Named Entity Recognition

Bases: TextAPI

NamedEntityRecognitionAPI serves a Named Entity Recognition (NER) model using the Hugging Face transformers library. It is designed to recognize and classify named entities in text into predefined categories such as the names of persons, organizations, locations, expressions of times, quantities, monetary values, percentages, etc.

Attributes:

Name Type Description
model Any

The loaded NER model, typically a Hugging Face transformer model specialized for token classification.

tokenizer Any

The tokenizer for preprocessing text compatible with the loaded model.

Example CLI Usage:

genius NamedEntityRecognitionAPI rise \
    batch \
        --input_folder ./input \
    batch \
        --output_folder ./output \
    none \
    --id dslim/bert-large-NER-lol \
    listen \
        --args \
            model_name="dslim/bert-large-NER" \
            model_class="AutoModelForTokenClassification" \
            tokenizer_class="AutoTokenizer" \
            use_cuda=True \
            precision="float" \
            quantization=0 \
            device_map="cuda:0" \
            max_memory=None \
            torchscript=False \
            endpoint="0.0.0.0" \
            port=3000 \
            cors_domain="http://localhost:3000" \
            username="user" \
            password="password"

__init__(input, output, state, **kwargs)

Initializes the NamedEntityRecognitionAPI class.

Parameters:

Name Type Description Default
input BatchInput

The input data.

required
output BatchOutput

The output data.

required
state State

The state data.

required
**kwargs Any

Additional keyword arguments.

{}

initialize_pipeline()

Lazy initialization of the NER Hugging Face pipeline.

ner_pipeline(**kwargs)

Recognizes named entities in the input text using the Hugging Face pipeline.

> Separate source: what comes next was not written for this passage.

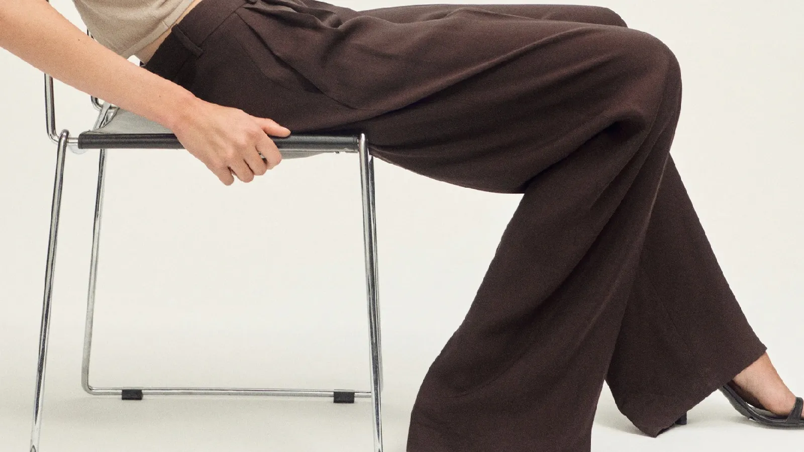 El pantalón de pinzas wideleg en mezcla de lyocell lo convierte en una opción muy fluida que no se ciñe al cuerpo, ideal para siluetas curvilíneas o para quienes buscan comodidad sin renunciar al estilo. El tono marrón chocolate es neutro pero sofisticado, y el tiro medio, junto con el detalle de pinzas, favorece visualmente el vientre y alarga las piernas.
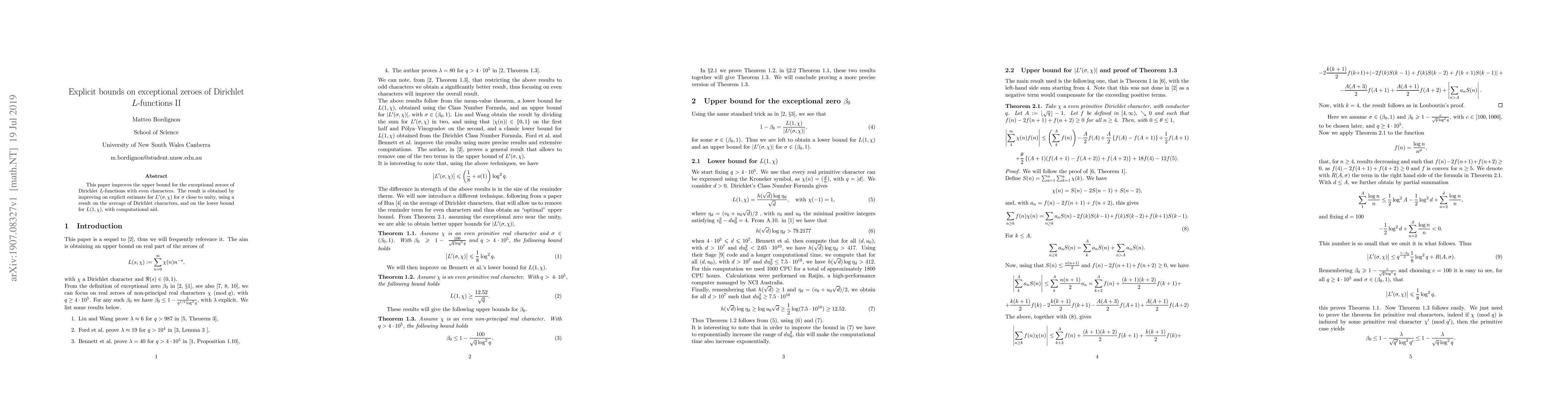 This paper improves the upper bound for the exceptional zeroes of Dirichlet L-functions with even characters. The result is obtained by improving on explicit estimate for $L'(\sigma;\chi)$ for $\sigma$ close to unity, using a result on the average of Dirichlet characters, and on the lower bound for $L(1;\chi)$, with computational aid.

This method leverages a pre-trained NER model to identify and classify entities in text into categories such as names, organizations, locations, etc. It's suitable for processing various types of text content.

Parameters:

Name Type Description Default
**kwargs Any

Arbitrary keyword arguments, typically containing 'text' for the input text.

{}

Returns:

Type Description
Dict[str, Any]

Dict[str, Any]: A dictionary containing the original input text and a list of recognized entities.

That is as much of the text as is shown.